(DATA EXTRACT)

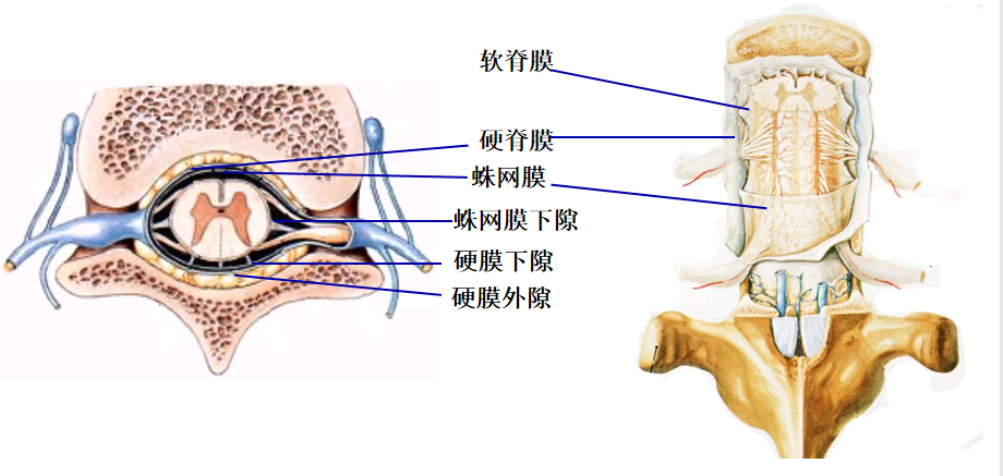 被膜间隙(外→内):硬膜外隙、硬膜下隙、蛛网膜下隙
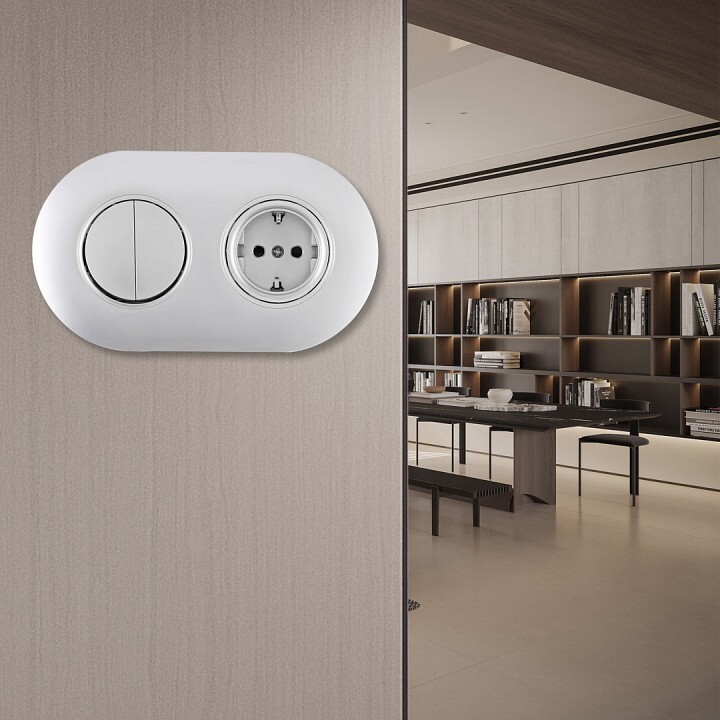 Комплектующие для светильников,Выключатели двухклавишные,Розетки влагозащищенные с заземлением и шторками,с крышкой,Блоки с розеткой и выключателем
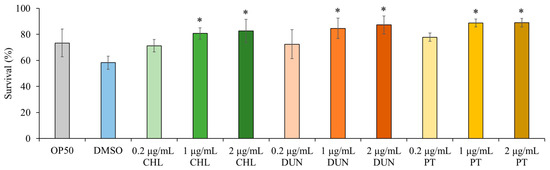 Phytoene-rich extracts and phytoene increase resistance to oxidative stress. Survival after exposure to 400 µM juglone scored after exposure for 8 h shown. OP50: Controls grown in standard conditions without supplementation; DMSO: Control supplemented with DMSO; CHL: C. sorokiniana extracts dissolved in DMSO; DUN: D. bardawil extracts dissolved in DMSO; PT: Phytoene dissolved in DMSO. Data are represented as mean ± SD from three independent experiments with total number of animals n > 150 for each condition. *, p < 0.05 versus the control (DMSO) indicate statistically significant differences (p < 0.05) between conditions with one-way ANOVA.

(EXERCISE GOAL)
Give back each line above exactly, with pictures dropped.

(RESPONSE BOX)
 被膜间隙(外→内):硬膜外隙、硬膜下隙、蛛网膜下隙
 Комплектующие для светильников,Выключатели двухклавишные,Розетки влагозащищенные с заземлением и шторками,с крышкой,Блоки с розеткой и выключателем
 Phytoene-rich extracts and phytoene increase resistance to oxidative stress. Survival after exposure to 400 µM juglone scored after exposure for 8 h shown. OP50: Controls grown in standard conditions without supplementation; DMSO: Control supplemented with DMSO; CHL: C. sorokiniana extracts dissolved in DMSO; DUN: D. bardawil extracts dissolved in DMSO; PT: Phytoene dissolved in DMSO. Data are represented as mean ± SD from three independent experiments with total number of animals n > 150 for each condition. *, p < 0.05 versus the control (DMSO) indicate statistically significant differences (p < 0.05) between conditions with one-way ANOVA.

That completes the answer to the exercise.